Axe Compute Inc. is undergoing a major leadership transition. The board terminated Chief Executive Officer Raymond F. Vennare without cause, effective February 9, 2026, and he resigned as chairman and director. He will receive $575,000 in severance, a $287,500 2025 bonus, and a healthcare-related lump-sum payment under a separation agreement.

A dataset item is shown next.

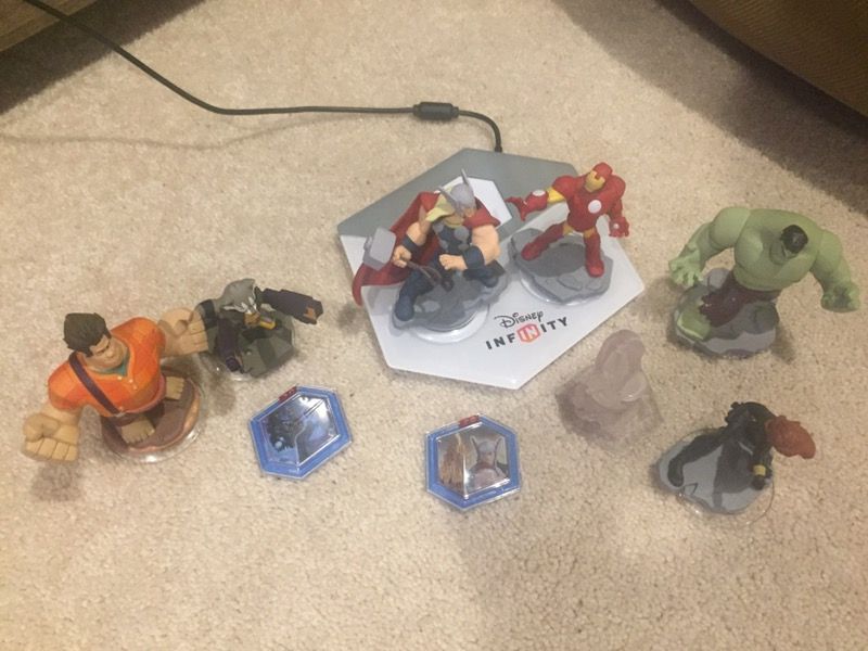 Barely used Disney Infinity 2.0 gaming system. 6 characters and 2 Marvel discs

The company appointed director Chuck Nuzum as chairman and named Christopher Miglino as the new CEO and a director, effective the same date. Miglino brings more than 25 years of experience leading public and private technology and fintech businesses and has been involved in structuring Axe Compute’s digital asset treasury and AI compute strategy. His employment agreement provides a $575,000 annual base salary, bonus eligibility, and an inducement stock option grant for 500,000 shares that vest over three years. A related press release highlights the company’s focus on decentralized GPU compute, AI infrastructure, and a treasury-backed compute strategy.
Axe Compute Inc. reported several leadership changes. On January 15, 2026, directors Shawn Matthews and Veena Rao resigned from the board, with Ms. Rao’s resignation effective January 30, 2026. The company states that neither director resigned because of any disagreement over operations, policies, or practices.

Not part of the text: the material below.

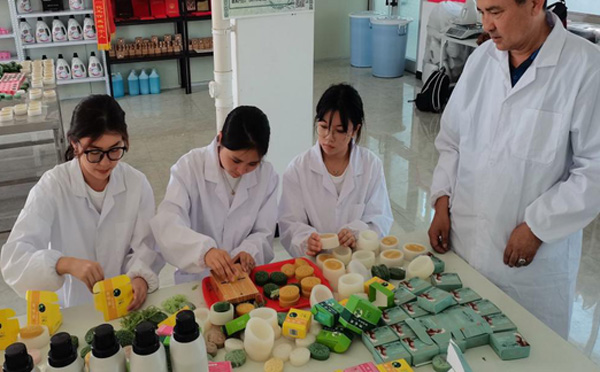 隨后,在創始人之一杰恩斯包·達坎的帶領下,團隊走進哈薩克古法手工皂制作實驗室。,團隊的每一位成員積極學習工皂的工藝制作步驟,深入了解手工皂的配方、用料配比等,為接下來手工皂的制作打下了基礎。從選擇原料、配方,到手工皂的制作成形,再到最后的脫模包裝,每一位成員參與其中,相互幫助,運用上所學到的知識和技巧對手工皂進行了創新,旨在體驗古法手工皂的制作過程,真切地從實踐中感受企業的實驗操作的嚴謹與認真。

On January 19, 2026, Thomas McLaughlin resigned as Chief Investment Officer, and the company likewise notes no disagreement related to its operations, policies, or practices. The filing does not describe replacements or broader strategic changes linked to these departures.
Axe Compute Inc., formerly Predictive Oncology Inc., amended the employment agreement of its CEO, Raymond F. Vennare. Effective retroactively to November 1, 2025, his annual base salary increases from $525,000 to $575,000. He is eligible for an annual target bonus on March 31, 2026, or an earlier date set by the compensation committee, in an amount equal to 50% of his then current base salary. If his employment is terminated without Cause or by him for Good Reason on or before March 31, 2026, his 2025 bonus will be 50% of his annual bonus as of the time of termination and must be paid in full no later than March 15, 2026.
Subject to the company’s 2024 Equity Incentive Plan and compensation committee approval, Mr. Vennare will be eligible to receive 20,000 restricted stock units that vest in full on January 1, 2026, if he remains continuously employed through that date. The company also disclosed that it changed its name to Axe Compute Inc. and that its common stock began trading on Nasdaq under the ticker symbol AGPU on December 12, 2025.